Where is the old village where the film was shot?

Such a perfect retro village as in "Tatort: Murot und das 1000-jährige Reich": there's no such thing in real life, is there? In fact, director M.X. Oberg filmed at Hessenpark, an open-air museum in Neu-Anspach in the Hochtaunus district (near Frankfurt). There are more than a hundred historical buildings on an area of 65 hectares, where the history of Hessian village life over the past centuries lives on.

However, the equally historic pub where Ulrich Tukur sings and investigates to the piano is not there. It is in Büdingen, Hesse, where an empty pub had to be converted over three weeks so that "historical" could be filmed.

What songs does Ulrich Tukur sing in the pub?

In one scene, Ulrich Tukur once again plays the piano and sings Adolf Hitler songs in the pub in front of the eyes and ears of the village community. The two songs performed, "Adolf Hitler's favorite flower is the simple edelweiss" and "Hitler has only got one ball", are historical - they really do exist.

The former was written by composer Otto Rathke after the Nazis seized power in 1933 in honor of the Führer: "Adolf Hitler's favorite flower is the simple edelweiss" with lyrics by Emil Gustav Adolf Stadthagen, sung by opera singer Harry Steier.
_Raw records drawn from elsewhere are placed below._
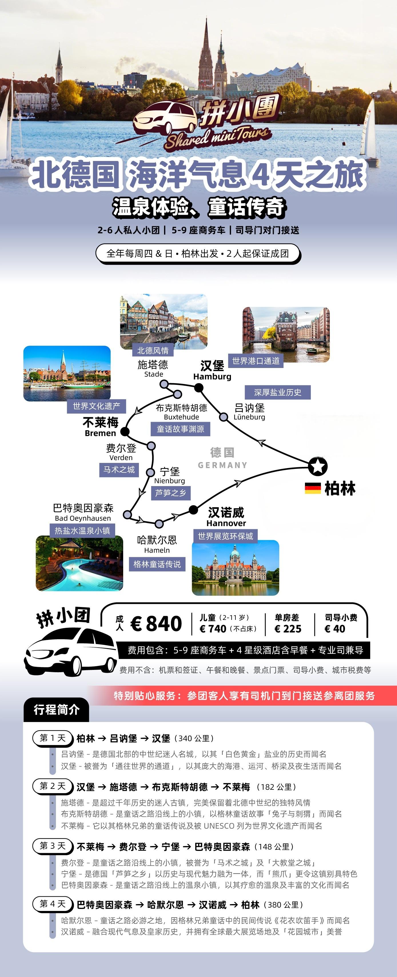 拼小团不接受单人报名,2人起发,1人报名需支付2人费用。,每周四、日柏林发团
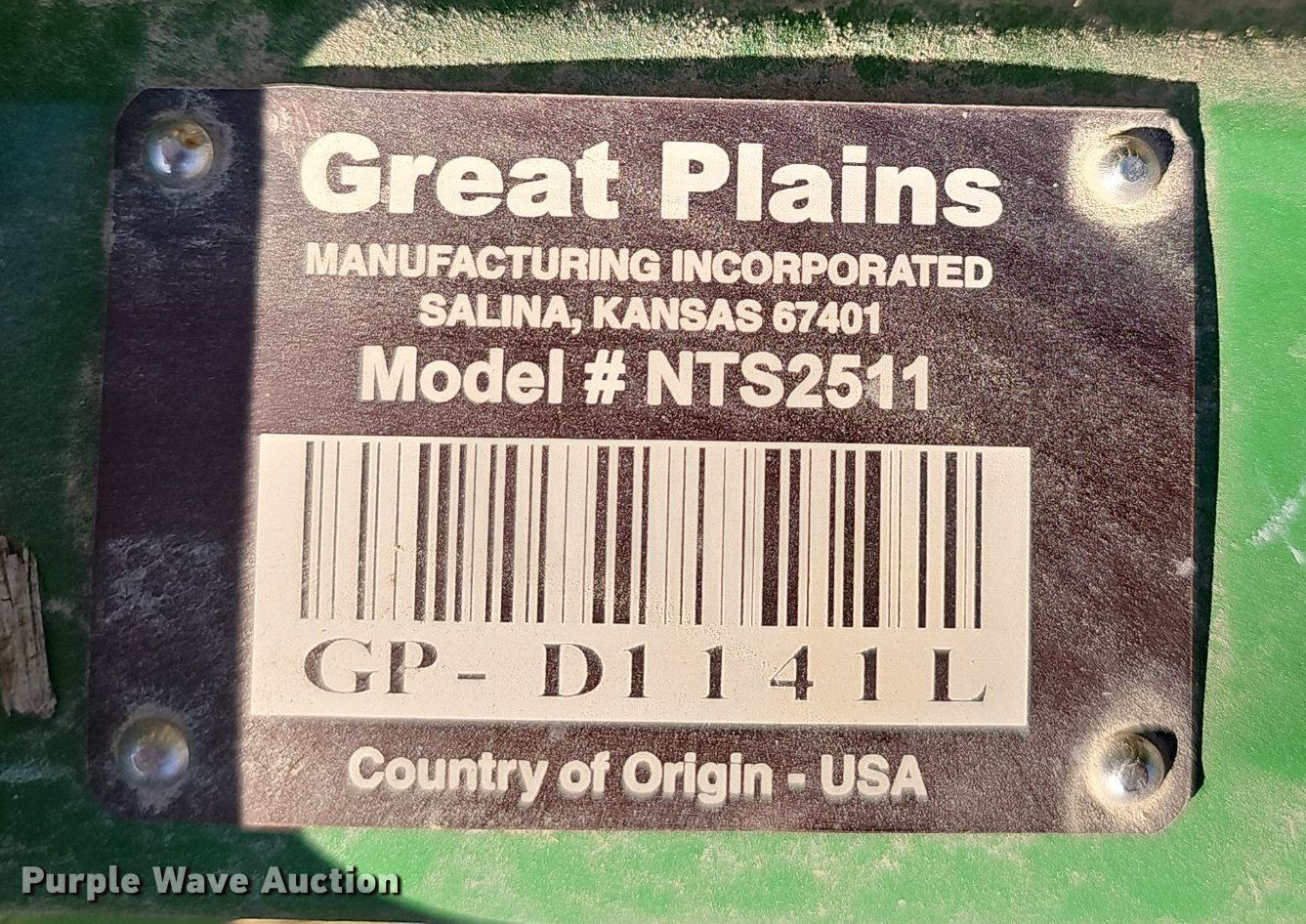 Purple Wave is selling a used Grain Drill or Seeder in Missouri. This item is a Great Plains NTS2511 no-till seeder with the following: Width: 11', Row units: 18, Row spacing: 6", Serial: GP-D1141L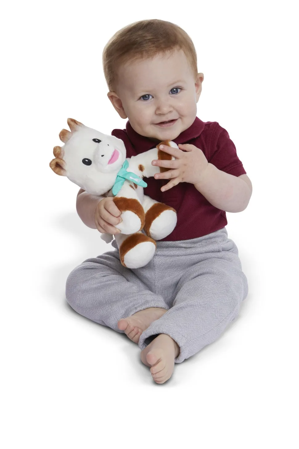 Een superzachte Sophie de Giraf knuffel. De knuffel is 20 cm hoog en kan dankzij de speciale vulling in de poten staan en ook zitten. De knuffel is wasbaar op 30 graden.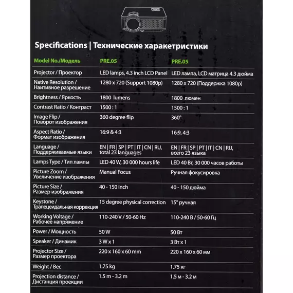 | Проекционное расстояние | 1.5-3.2м |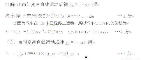 (3) 如果必须在10s内停下来,则该汽车的行驶速度最大不能超过多少?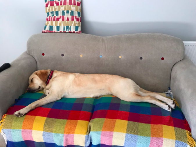 This is Winston. He trained to be a guide dog but failed for being too lazy or, officially, ‘low motivation’ now spends 95% of his time snoozing.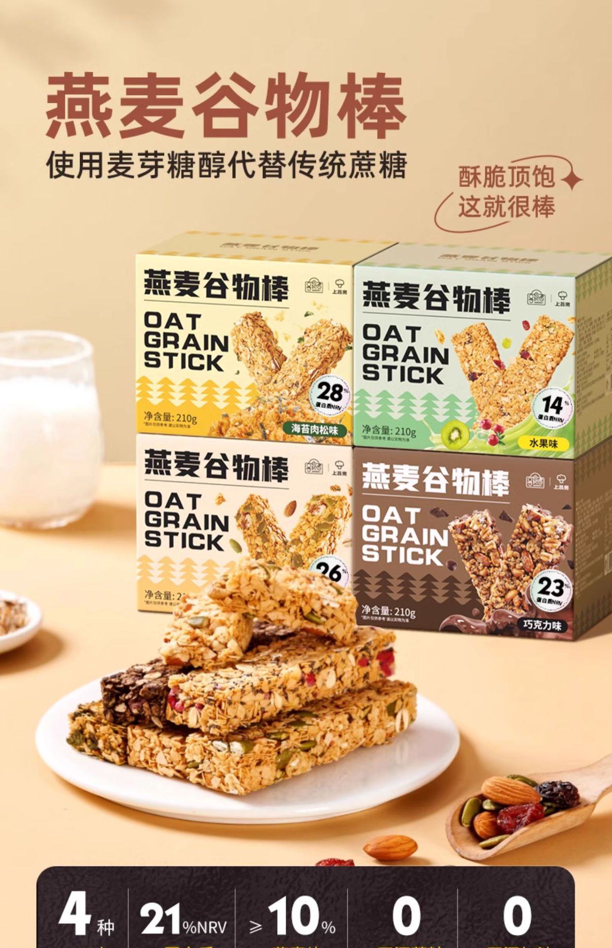 【十分香脆 满分谷力~】上蔬房蛋白棒 代餐燕麦脂能量肪 饼干无糖精 解馋热量谷物 饱腹零食坚果早餐-QQ

In 1939, the Reich Music Review Board banned the song on the grounds that it was "national kitsch". However, it remained popular in Nazi and later neo-Nazi circles.
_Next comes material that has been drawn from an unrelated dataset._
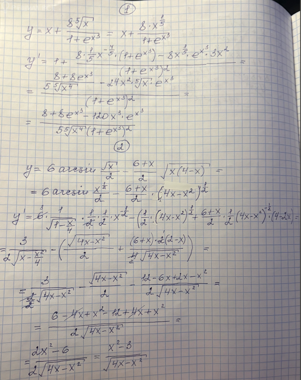 [m]\large y' = 1 + \frac{8/5 x^{-4/5}(1 + e^{x^3}) - 8x^{1/5} \cdot e^{x^3} \cdot 3x^2}{(1 + e^{x^3})^2} = [/m]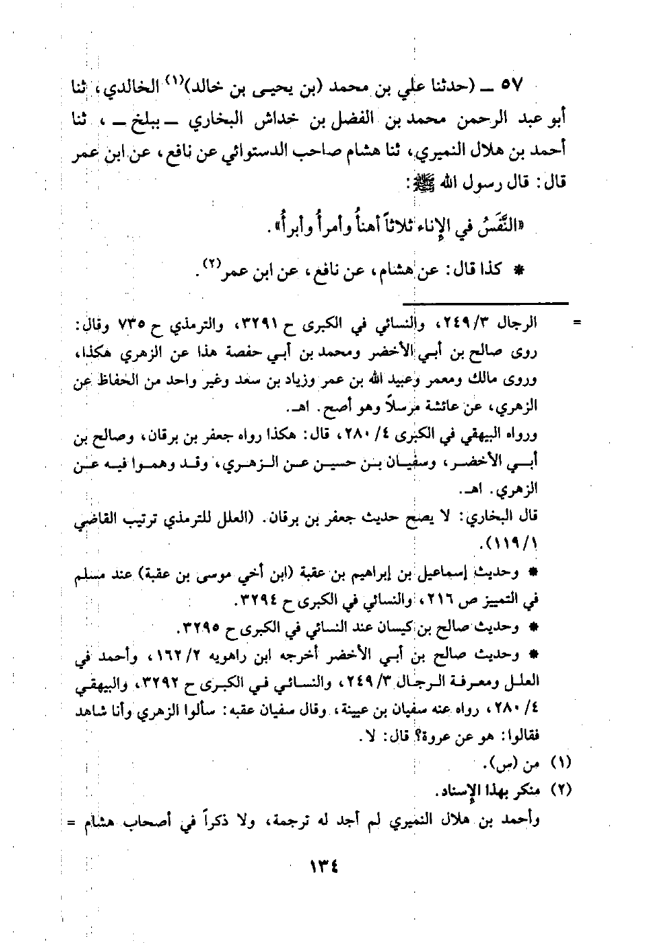 57 - (حدثنا علي بن محمد (بن يحيى بن خالد) الخالدي، ثنا أبو عبد الرحمن محمد بن الفضل بن خداش البخاري -ببلخ-، ثنا أحمد بن هلال النميري، ثنا هشام صاحب الدستوائي عن نافع، عن ابن عمر قَالَ: قَالَ رَسُولُ اللَّهِ صَلَّى اللَّهُ عَلَيْهِ وسلم:

The song "Hitler has only got one ball", on the other hand, is a British mocking song that was sung during the Second World War to the melody of the "Colonel Bogey March" composed in 1914. The melody is known from the movie "The Bridge on the River Kwai" or from the Underberg advertisement ("Come along to the Underberg").

The original lyric reads: "Hitler has only got one ball, Göring has two, but very small". In fact, about ten years ago, a doctor's document that was thought to have been lost surfaced, proving the one-testicle theory of the English. During a physical examination of Hitler in prison after his failed coup attempt in 1923, "right-sided cryptorchidism" was diagnosed.

What's next for the Tukur "crime scene"?

At the end of May 2024, Hessischer Rundfunk published an announcement that the new "Tatort: Murot und der Elefant im Raum" is currently being filmed. The film is expected to be broadcast in fall 2025.

The screenplay was written by Dietrich Brüggemann, who also directed the movie, as he did for "Tatort: Murot und das Murmeltier". It is about a mother (Nadine Dubois) who abducts her five-year-old son from the family court and hides out in the Taunus mountains.

This is where Murot and his colleague Magda Wächter (Barbara Philipp) want to search with the help of a special psychological technique: Murot's therapist Dr. Schneider (Robert Gwisdek) has developed a machine that allows you to take a walk in your own psyche as if it were a landscape.